ONE DEAL TO RULE THEM ALL
Australia is leading secret trade talks in Melbourne, aimed at creating an EU-style mega deal that will eclipse the Trans Pacific Partnership and sideline the US, The Age reports.
The “highly secretive” negotiations involve China, Japan, South Korea, Australia, New Zealand, India and all ASEAN member states. Trade Minister Simon Birmingham called it “one of the most economically significant trade agreements in the world”.
Scott Morrison will attend a “high-powered working dinner” ($) with Donald Trump and senior members of his administration tonight on the eve of the G20 summit, after yesterday calling for a “truce” in the US-China trade war. He is expected to deliver a direct plea to the president to bring an end to the trade war, as well as lobbying him to join a global campaign to regulate social media giants.
The Manus Island contract of controversial security company Paladin will not be renewed, The Age reports, with the Papua New Guinean government set to assume responsibility for service delivery.

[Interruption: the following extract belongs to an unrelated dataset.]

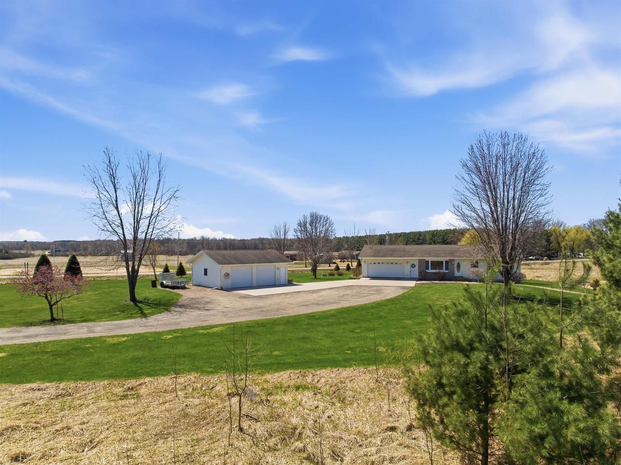 Welcome to 8917 S. Washington Ave. in Marshfield - where space, comfort, and country charm come together on 4.21 beautiful acres just minutes from town. This well-maintained ranch-style home offers 4 bedrooms, 2 full baths, a 2-car attached garage, plus an additional 26x26 detached garage - perfect for extra storage, hobbies, or toys. Step inside to a spacious living room filled with natural light from a stunning bay window, creating a warm and inviting atmosphere. The heart of the home is the recently updated kitchen, featuring custom cabinetry by BTR all appliances included, and an impressive 11-foot island with sink - ideal for cooking, gathering, and entertaining. Large windows provide picturesque views of the backyard. Down the hall, you'll find three comfortable bedrooms and a beautifully updated full bath with quartz countertops. The lower level expands your living space with a generous family room complete with a wet bar, pellet stove, egress windows for abundant daylight, a second full bath, and a fourth bedroom - perfect for guests or extended living. Outside, you'll appr
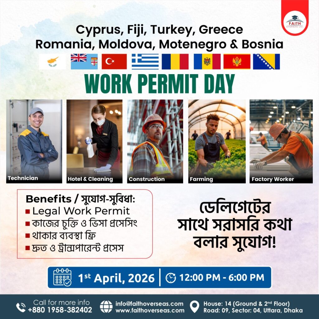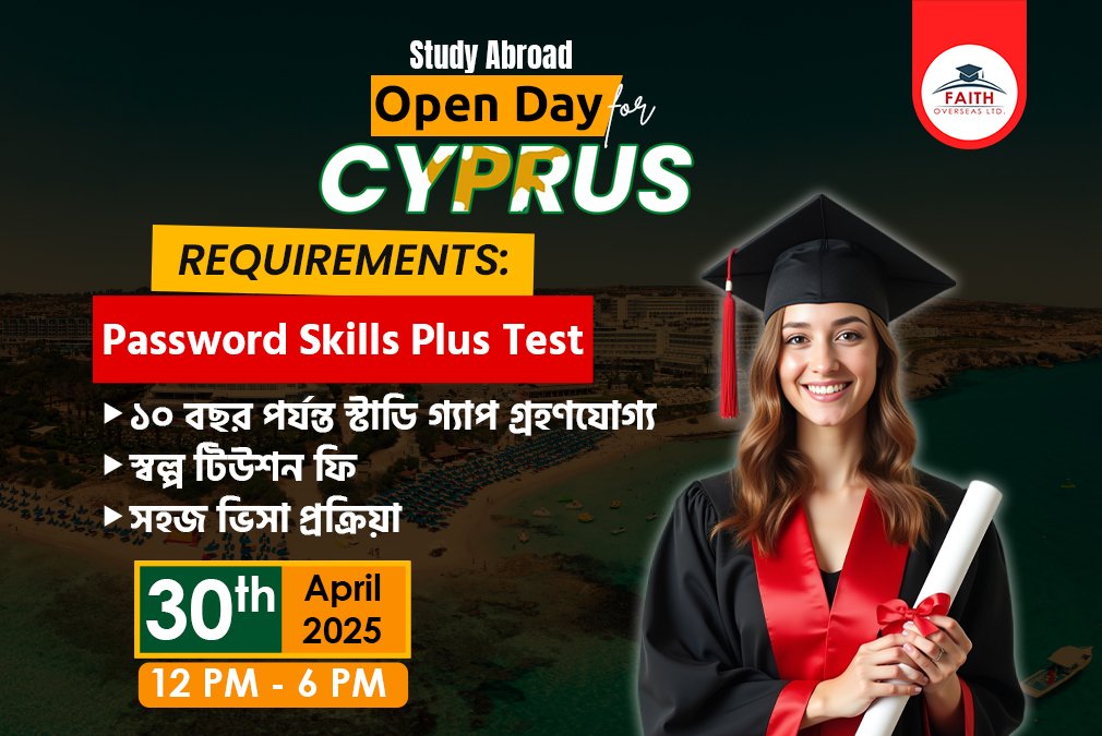 Posted on Shadid Al FoiezTrustindex verifies that the original source of the review is Google. Alhamdulillah I got my Cyprus visa. Many thanks to Faith Overseas for my entire processing. Faith Overseas helped me throughout my journey and their service is very good.Posted on ibnat khanTrustindex verifies that the original source of the review is Google. My dream of going abroad for studying my dream subject came together bcz of the help faith overseas ltd provided through the whole journey. Thank you so much for everything.Posted on Md Abdullah Al Mamun 4049Trustindex verifies that the original source of the review is Google. I got my Europe consultancy support through Ready Global Solutions and the experience was solid. Their guidance was clear, the process felt authentic, and they handled everything with real professionalism. If someone needs trustworthy consultancy for Europe, they’re genuinely a good pick.Posted on Nusrat Jahan MimTrustindex verifies that the original source of the review is Google. I got my foreign study admission done through Ready Global. They were supportive at every step. Truly satisfied with their service.Posted on Umma Taslima AhmedTrustindex verifies that the original source of the review is Google. Ready Global helped me a lot throughout my study abroad process. Their guidance was clear and stress-free. I’m really happy with their service.Posted on zahid badhonTrustindex verifies that the original source of the review is Google. I took services from Ready Global and successfully came abroad for my studies. Their guidance and support made the whole process easy for me. I am fully satisfied and highly recommend Ready Global.Posted on nehar ranjan sahaTrustindex verifies that the original source of the review is Google. I have received my Cyprus permit visa, and I am truly grateful to Faith Overseas LTD. Their team is incredibly helpful, professional, and supportive throughout the entire process. Thanks to them, I received my visa within just two months. Faith Overseas LTD is truly the best agency in Bangladesh.Posted on Nawfat RahmanTrustindex verifies that the original source of the review is Google. I have completed my application and visa process for Malaysia (Asia Pacific University of Technology) from Faith Overseas. They have helped all through the whole process. Appreciate their assistance.Posted on Sk ShiedTrustindex verifies that the original source of the review is Google. I am very glad to share my experience that this agency faith oversees are really amazing.they are very helpful to me to achieve my visa journeyPosted on Ferdous Bin SarwarTrustindex verifies that the original source of the review is Google. Thank you to team Faith for this smooth ride to my VISA success. I would surely love to recommend Faith as your guide to overseas and fulfill your dream of studying across the Globe.

New PNG Prime Minister James Marape yesterday called for an end to the contract, saying he did not want Paladin providing services that local companies could deliver. The Australian and PNG governments have agreed to a limited extension of the contract, the ABC reports, to allow time for the PNG government to conduct “an open market competitive procurement process”.
POLLIES V SETKA, CONTINUED
Labor leaders remain firm on expelling John Setka from the party, The Age reports, after his wife Emma Walters revealed yesterday that she was the victim he pleaded guilty to harassing. Setka was charged with harassment by a carriage service and breaching a court order, fined $1000 and placed on a 12-month good behaviour bond.
Walters spoke to The New Daily yesterday, insisting her husband never hit her, despite “stomach turning” allegations revealed in an affidavit that was leaked to the media against her wishes. Industrial Relations Minister Christian Porter used the moment to slam the CFMMEU, warning it will likely be deregistered if it does not update internal procedures.
THEY REALLY SAID THAT?
That’s interesting, an incumbent government, they seem to have done a good job on infrastructure and their local economy and [have] been returned by the people. And I thought ‘well that is a pretty compelling argument’.
Talking about his electoral strategy influences on Sky News’ Bad Blood, the Prime Minister suggests that Victorian Premier Daniel Andrews is, in fact, good?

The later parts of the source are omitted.